MONTREAL — The Jewish Public Library (JPL) is about to become the first public library in the world to adopt a radically new cataloguing system that it says will make it easier to find exactly the book or other material sought.
The JPL will, in fact, be only the second library of any kind (the first was a Belgian academic institution) to switch to FRBR/RDA, an acronym commonly used for Functional Requirements for Bibliographic Records/Resource Description and Access.
This system ferrets out the not always obvious relationships among diverse resources in the database by describing a collection in an entirely new way.
FRBR/RDA is especially suited to the JPL because its close to 200,000-item collection is in five principal languages, said Eddie Paul, head of bibliographic and information services. Many of its titles are available in multiple editions and translations.
The system links resources in whatever language or form they are in, whether print or audiovisual.
The system is also a boon to a library specializing in Judaica.
“For example, we have a thousand works of the Bible, Talmud and other core Jewish canonical works in various forms, subsections, editions, portions and translations,” Paul said.
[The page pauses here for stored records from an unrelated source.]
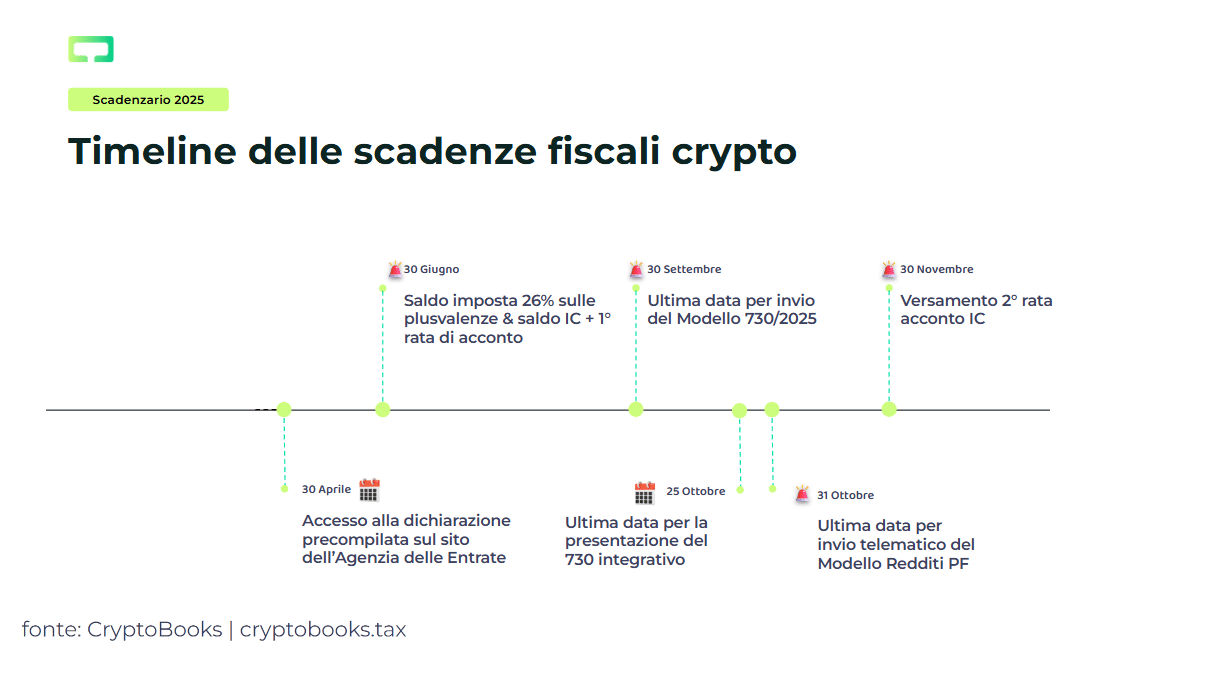Il calendario fiscale crypto del 2025 prevede varie scadenze:
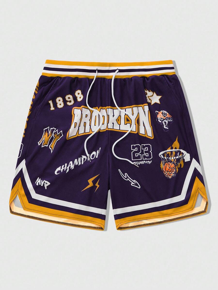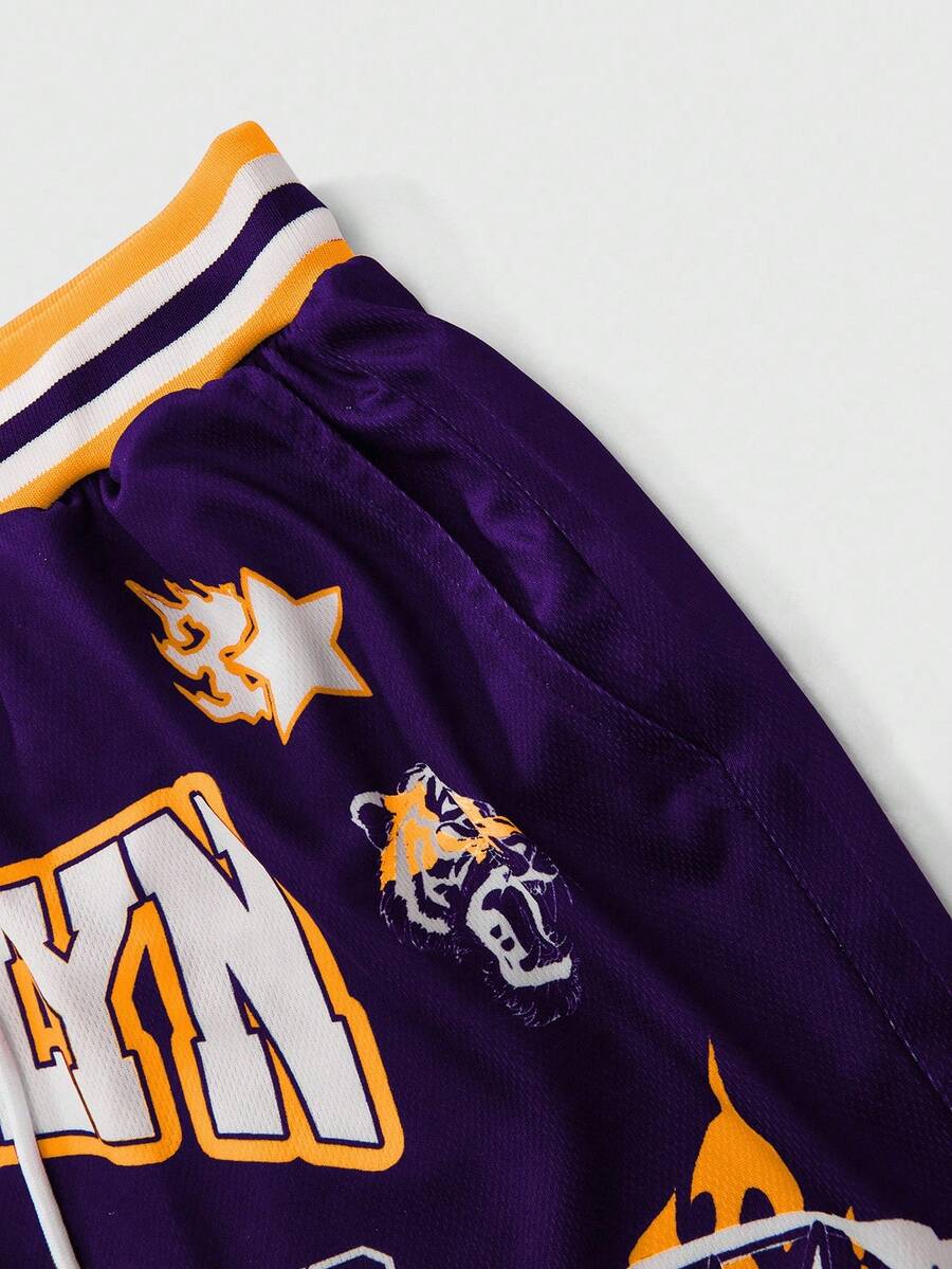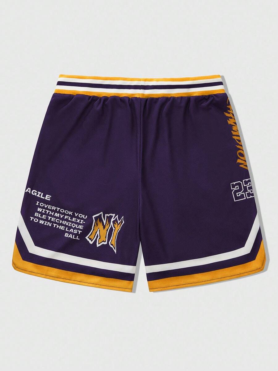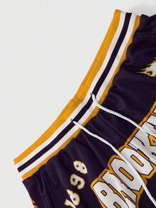 Street Life Men's Drawstring Contrast Color Letter Pattern Casual Loose Shorts
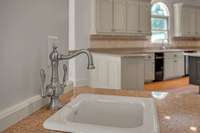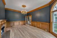 A dramatic two- story foyer painted in designer- favorite Iron Ore sets the tone, highlighted by a stunning chandelier. The main level features a soaring two- story living room with gas fireplace, formal dining room, rich wood- paneled library with its own fireplace, and a chic wine bar off the chef’s kitchen.
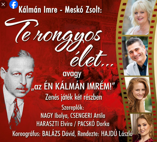 A színdarabban olyan színészek lépnek színpadra, mint Nagy Ibolya, Csengeri Attila, Harasztia Elvira és Pacskó Dorka. A darabot Hajdú László rendezte, Balázs Dávid pedig koreografálta. Kálmán Imre sorsa maga is „operettbe illő” volt. Különös életet élt, különös sors jutott Neki osztályrészül. Hallatlanul népszerű muzsikáját már 100 éve kedveli ország-világ. Életének nagy szerelmei, sikerei és buktatói is megjelennek a darabban, hisz például a majd 30 évvel fiatalabb felesége viharos életet „biztosított” számára. Vera nyughatatlan, szenvedélyes nő volt, akit nehéz volt megszelídíteni. Életének története mellett, természetesen legnépszerűbb slágereit is hallhatja majd a közönség, pl. Te rongyos élet /Mondd meg hogy imádom, a Pesti nőket /Álom álom, édes álom / Túl az Óperencián / Hej cigány és a Hajmási Péter. Jegyek elővételben megvásárolhatók a Móricz Zsigmond Művelődési Központban, vagy a nagyibolya.hu weblapon.
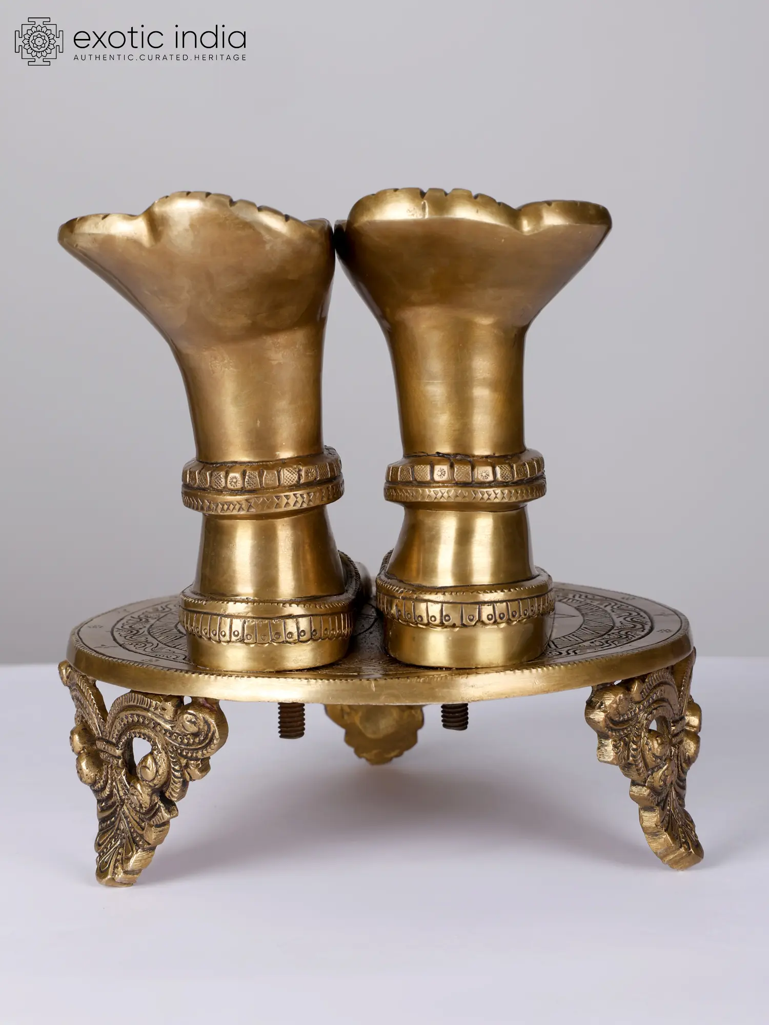 This brass sculpture represents the idea of lotus feet beautifully, with the Charan-Kamala or Padma-Pada of Lakshmi placed on an ornate Peetha (pedestal). Decorated with anklets, toe rings, and sacred designs- all signs of auspiciousness and femininity, the feet of Lakshmi bloom into two delicate flowers.
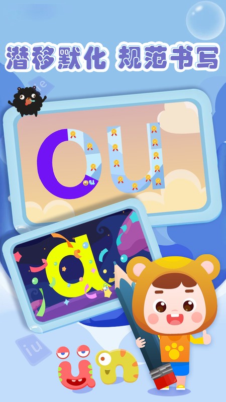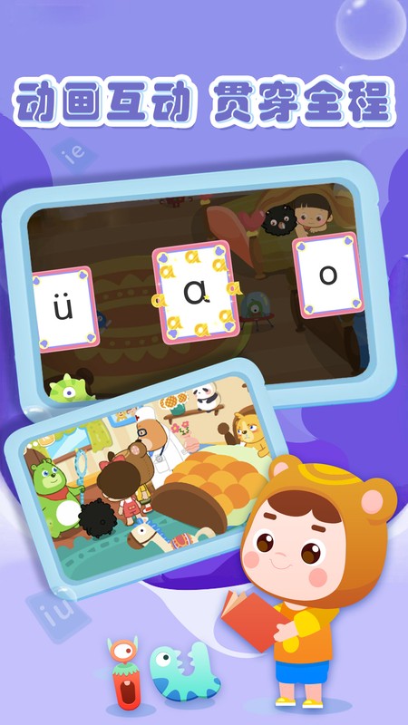 专为3-8岁孩子定制,遵从儿童认知发展规律,动画+创意互动方式引导孩子主动学、轻松学,63个拼音小怪物形象,有趣好记;智能AI语音测评书写识别,让孩子主动发音,学会书写。还有丰富原创的动画剧情和强大的学习功能丰富学习体验,为孩子的拼音学习打下坚实的基础。 功能特色
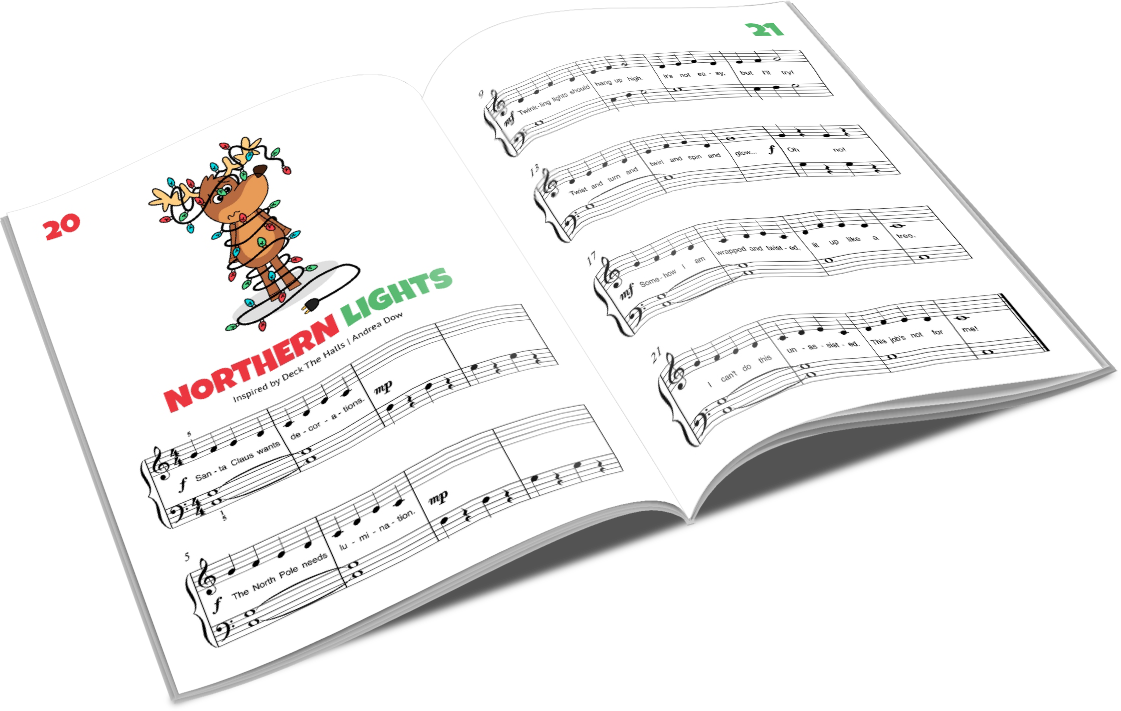 Whether it’s eighth-note rhythms, tricky hand movements, or unfamiliar grand staff notes, most Christmas tunes don’t care about pedagogical progress.
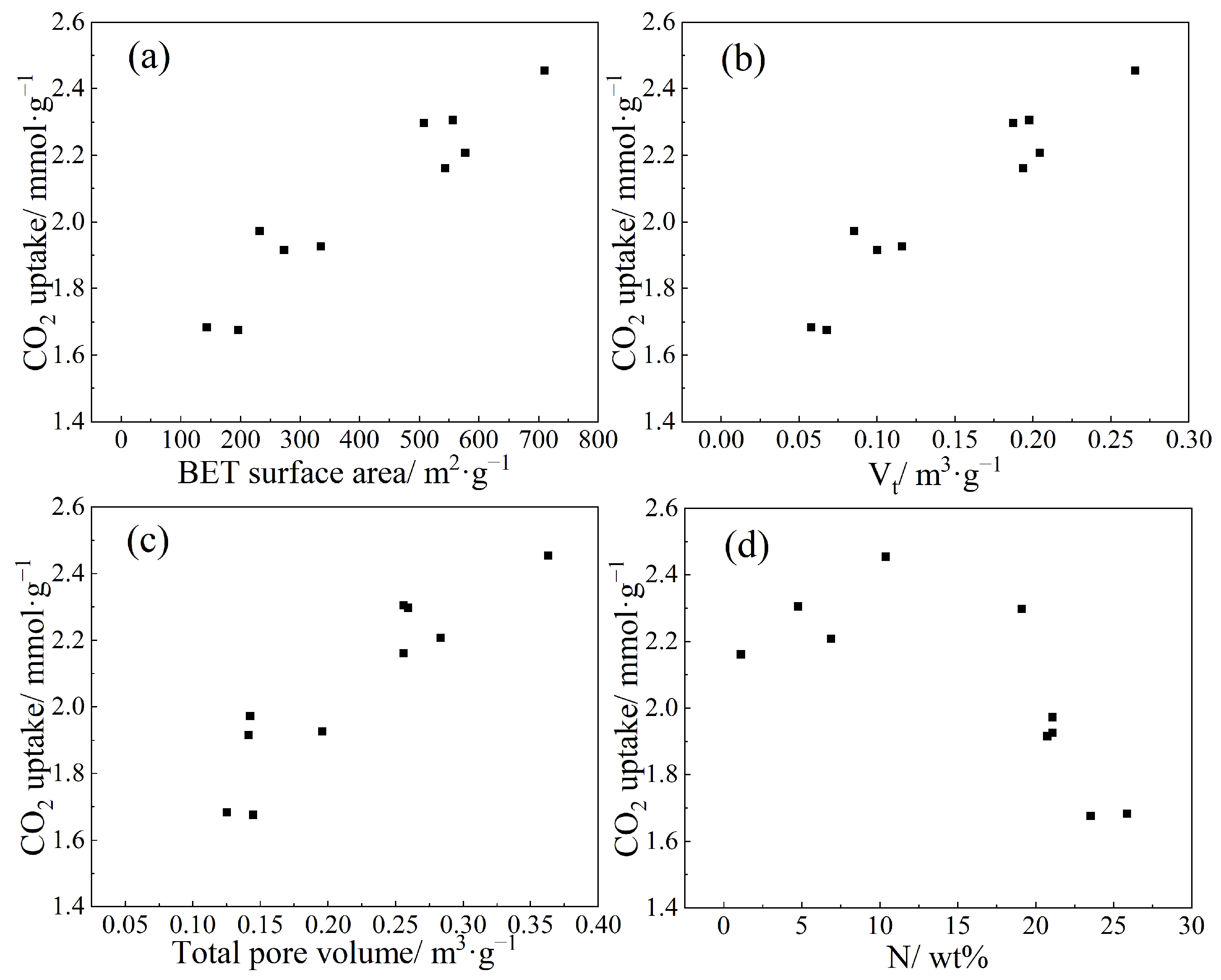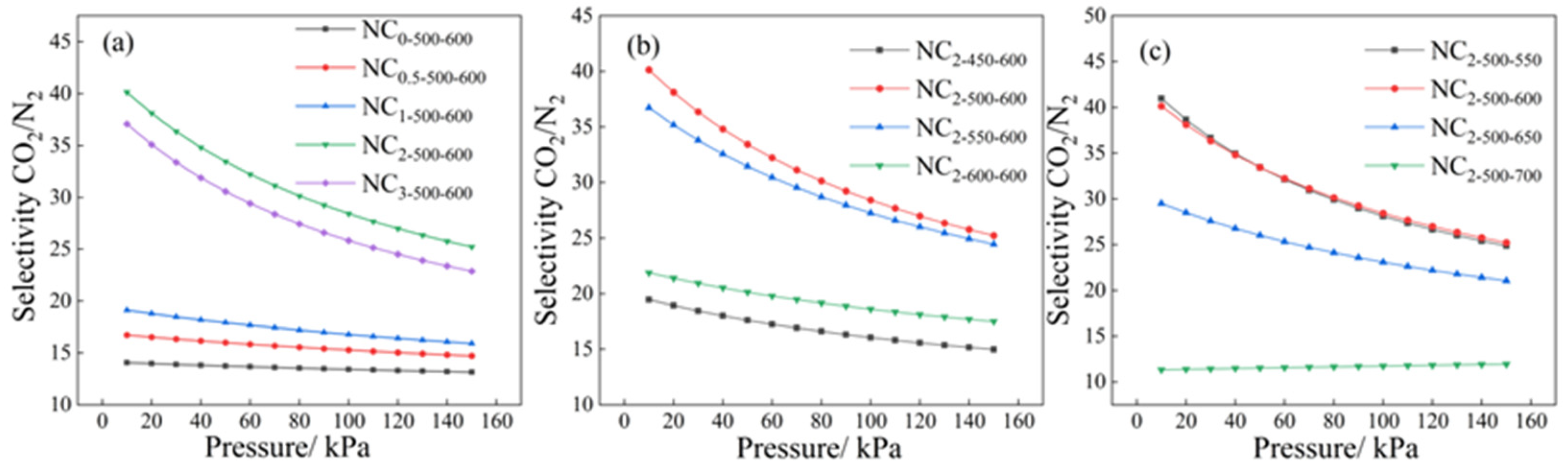 - An appropriate amount of nitrogen doping enhances CO2 adsorption performance, whereas excessive doping leads to pore structure deterioration and reduced adsorption capacity.

Depending on their religious or cultural backgrounds, people frequently ask for these works by different names.
“It becomes difficult for them to find the works by themselves without the mediation of a reference librarian.”
When fully operational, the system will enable users to link, for example, the oldest book in the JPL collection, The Antiquities of the Jews by Flavius Josephus, written in Latin in 1481, to its newest edition, Iudeiskaia voina, published in Russian in Moscow in 1996.
Implementation of the new system will begin in February and take three or four months to complete, Paul said. “It involves a massive retraining of the cataloguers.”
The new system will be available online.
Just how ahead of the curve the JPL is can be appreciated when it is realized that even the Library of Congress is only starting to organize its new acquisitions under RDA rules, but is not using the FRBR data model yet, Paul pointed out. Montreal’s Grande Bibliothèque is considering phasing in RDA next year.
FRBR/RDA is built on the Anglo-American Cataloguing Rules – Second Edition (AACR2), the standard in the English-speaking world for more than 40 years.
In Paul’s opinion, AACR was outdated a decade after its introduction. “It’s inflexible and not as user-friendly, intuitively and visually, as FRBR/RDA.”
FRBR/RDA has caused “quite a stir in the library community,” and there continues to be considerable resistance to its adoption, said Paul, who attributes this to discomfort with change rather than objective assessment of its value.
He predicts it will be only a few years before FRBR/RDA becomes standard.
The software, Virtua ILS, is made by only one company in the world: VTLS Inc. of Blacksburg, Va. Its acquisition at the JPL has been made possible by a private donation, said Paul who encouraged the JPL to make the bold leap.
“The JPL turns 100 in 2014 and, as a kind of birthday gift to ourselves, we are adamantly expressing our youthful ambition to remain contemporary and on the cutting edge of integrated library services technology, while at the same time trying to balance precarious budgets and the rapidly shifting ways in which people read and incorporate information,” he said.
The JPL’s collection is primarily in English, French, Yiddish, Hebrew and Russian, but it also includes many items in dozens of other languages, among them Polish, German, Spanish, Ladino and Aramaic.
In addition to adult and children’s literature, it encompasses the humanities, social sciences, the arts, language, science, and Judaism and Jewish intellectual thought.
“By bibliographically linking many of these works, I’m hoping this will empower users to the point where they will be able to find these works much more easily and with much less frustration,” Paul said.